The popularity of AI painting has been pushed up step by step. On some domestic e-commerce platforms, you can even see scattered merchants selling tutorials.
Today, we have sorted out 3 tools that are easiest for ordinary users to use: one of them is dedicated to generating two-dimensional paintings; one has a strong community atmosphere and a strong sense of art in generating maps; one is a product of a domestic team, this time , you express your creativity in Chinese!
Stable Diffusion
Features : Considered to be the strongest AI painting tool, it is completely open source, and there are many “magic revisions” on the market, such as Waifu Diffusion, which is specially used to generate two-dimensional portraits;
Preparation : The following is the online version of Stable Diffusion, DreamStudio. This solution does not require equipment, just open https://ift.tt/P4hA0sX with a browser.
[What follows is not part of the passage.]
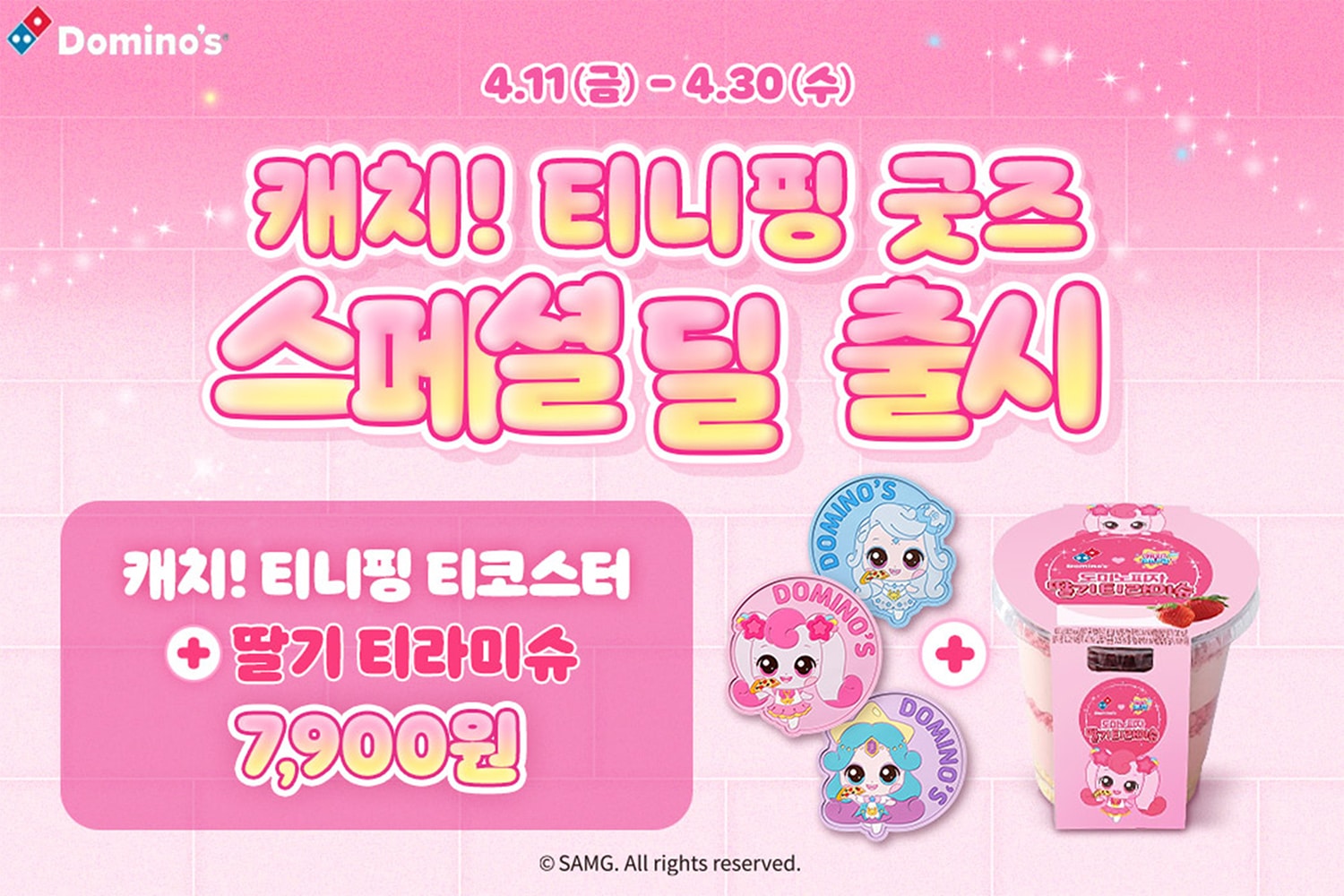No.1 세계 배달 피자 리더 도미노피자가 SAMG엔터의 인기 IP 티니핑 굿즈도 구매하고 새콤달콤한 디저트 메뉴를 맛볼 수 있는 ‘캐치! 티니핑 굿즈 스페셜 딜’을 진행한다.

Compared with Disco Diffusion, the interface of Stable Diffusion, an online tool, is very simple and friendly. You open the website and register, then write a description in the input box at the bottom, and click “Dream” to generate it with one click. The waiting time is only a few seconds.
The description is A dream of a distant galaxy (image subject), by Caspar David Friedrich (artist), matte painting trending on artstation HQ (painting style)丨Interface screenshot
There are also a series of adjustment options on the right side of the interface, from top to bottom:
-
Width, Height: the length and width of the generated image;
-
Cfg Scale: It can be roughly understood as the matching degree between the image and the descriptor (prompt), and it is easy to have a distortion effect if it is higher than 20;
-
Steps: The number of iteration steps for the model to generate pictures. Each additional iteration will give the AI more opportunities to compare the descriptor and the current result. The default value is 50;
-
Number of images: the number of generated images;
-
Sampler: The sampling mode of the diffusion denoising algorithm;
-
Seed: Random seed, the random seed generated by the system is different each time, so even if you copy the description given by the artist as it is, you cannot generate the same picture, but if he gives you a specific random seed code, it will can be generated.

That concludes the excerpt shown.